Although the Forest Act of 2002 provides a clear legal basis for the implementation of participatory forest management (PFM) in Tanzania (Harrison and Laizer 2007), like most legislation, the Act does not offer context to the gradation of participation. The quality of participation ultimately plays an important role in the quality of the dialogue. According to the Forest Act (Lovett 2003), details on the involvement of local communities in the use and management of forest resources are left to the creation of forest management plans. A forest management plan is required for each forest reserve (Lovett 2003) and is where the application of this process is most relevant. Guided by best practice participatory methods (Reed 2008, Reed et al. 2017), this study culminated with the creation of a PFM community vision. This process facilitated a trade-off narrative.

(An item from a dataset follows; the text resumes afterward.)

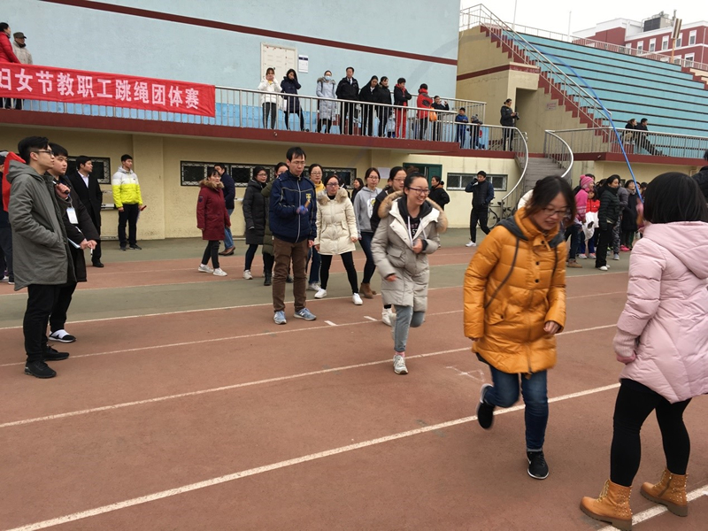 2018年3月7日下午,校工会在东操场举办了庆“三八国际劳动妇女节”团体跳绳比赛,我院获得了三等奖。为了迎接此次比赛,我院工会组织教师赛前积极备战,所有参赛选手都认真对待每一次练习,在训练中提高了自身的跳绳水平,培养了相互间的默契,增进了感情。在比赛中,大家努力拼搏,默契协作,坚持到底,拉拉队的老师呐喊助威、欢声笑语,大家切实体会到了体育锻炼和团体活动带来的乐趣。在大家的共同努力下,我院参赛选手发挥出了较高水平,取得了好成绩。这次活动在锻炼身体的同时也提高了老师们的团结意识和协作精神。

Early engagement with local stakeholders
Engaging local stakeholders in decision making as early as possible has been cited frequently as an essential component of participatory processes that lead to sustainable solutions (Reed 2008). Typically, local stakeholders are brought into the decision-making process late, when it is time to implement a plan. This field site in this study was chosen specifically because of impending government engagement with the communities on participatory forest management. Including the communities in the process early ensured that they would go into a dialogue with outside stakeholders having reflected on their local needs and priorities.
Focus on local context
Context is important, especially in matters of resource use. After mapping the resources, our process focused deliberately on why resources are used, which provides a window into the history of the people, place, and cultural values associated with resource use practices. Understanding these linkages with resource usage could help to better understand how trade-offs could prompt conflicts, which could also promote discussions, support negotiations, and potentially reduce barriers to sustainable management compliance in the face of hard choices (Daw et al. 2015).
Manage power dynamics
It is necessary to implement a process that dissuades power dynamics so that the value of every participant’s contribution is recognized, and everyone is given an equal opportunity to contribute (Reed et al. 2017). At the community level, great care was taken to ensure every participant’s contribution was valued, and all had an equal opportunity to contribute. The best example of this was separating the men and women during the mapping processes. This provided an opportunity to understand how resource use varies for different segments of the population, which is critical for effective resource management.
Emphasis on empowerment, equity, and dialogue
An important principle of the community visioning process is that it starts with strengths and capacities, rather than problems and constraints (Sanginga et al. 2004). After months of work, the communities walked away with a PFM community vision, translated into the local language, and printed. The document serves as an example of the communities’ commitment to being involved in forest management and their ability to articulate their contribution. The PFM community vision was presented to both regional and national stakeholders and provided the communities an opportunity to start the conversation on their terms. At the regional level especially, valuable dialogue was exchanged on next steps and how to integrate knowledge of the outside stakeholders, e.g., resource use laws and regulations unfamiliar to the communities.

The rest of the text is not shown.